The novel begins with the characters learning of the rumored rape of a young white heiress by a black superstar athlete, Fareek "The Cannon" Fanon. Though the incident is unimportant to the lives of the characters, the potential for the rumor to incite race riots in metropolitan Atlanta has a profound effect on all of their lives. Local politics and business interests become involved, including the president of the bank to which Croker is indebted, Roger Too White's former fraternity brother (now mayor of Atlanta), and the entirety of "respectable" Atlanta society.

A Man in Full is written much in the style of Wolfe's other fictions, such as The Bonfire of the Vanities and I Am Charlotte Simmons.

==Reactions==
Released eleven years after Wolfe's best-selling novel The Bonfire of the Vanities, A Man in Full was widely anticipated; Wolfe was known to be working on the research for this follow-up effort for several years.

Most of the mainstream American newspapers and news magazines gave the book positive reviews. However, a second wave of reviews in more highbrow literary outlets were more critical. Some of this more pointed criticism, mixed with praise for Wolfe's style, came from established American novelists, including John Updike and Norman Mailer. In addition, novelist John Irving criticized Wolfe's novel during an interview on a Canadian television program. Wolfe countered this criticism in his book Hooking Up, calling the three authors his "three stooges" who were actually shaken by the support he received. The novelists, he claimed, were threatened by the success of his technique – writing a novel based on reporting techniques – and were failing to engage the world around them. According to Mailer's review, the book had sold over 750,000 copies by December 1998.

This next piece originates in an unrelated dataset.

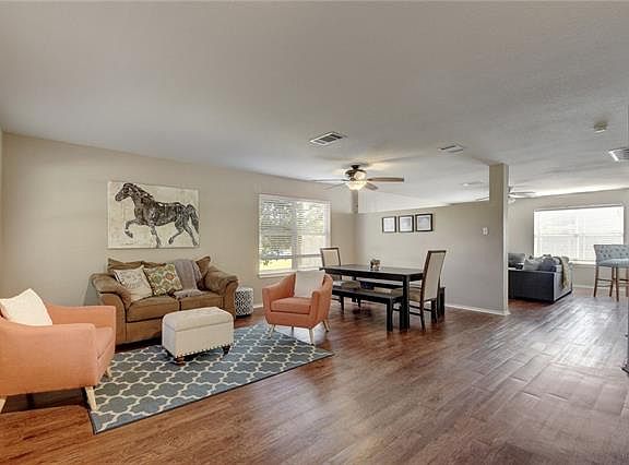 2-story home located on cul-de-sac in highly sought after Creekside Park. Wide open floor plan featuring 4 bedrooms, 2.5 baths with 2 living, 2 dining & loads of windows allowing for abundant natural light. Large eat-in kitchen with breakfast bar open to family room. Spacious master suite with room for seating area includes double vanity, garden tub & walk-in closet. Recent updates include fresh designer paint on both exterior & interior. Entertain out back on patio in the private backyard. Community amenities include pool & park. Hays ISD.

The book was credited with allusions to, or the caricaturing of, some prominent members of contemporary Atlanta society.

==Other media==
The abridged audiobook of A Man in Full was narrated by American actor David Ogden Stiers.
The unabridged audiobook of A Man in Full was released in 2018 and was narrated by American actor Michael Prichard.

==Adaptation==

In November 2021, Netflix ordered a six-episode limited television series adaptation of the novel with Regina King as director and executive producer and David E. Kelley as showrunner. The miniseries was released on May 2, 2024 to mixed reviews.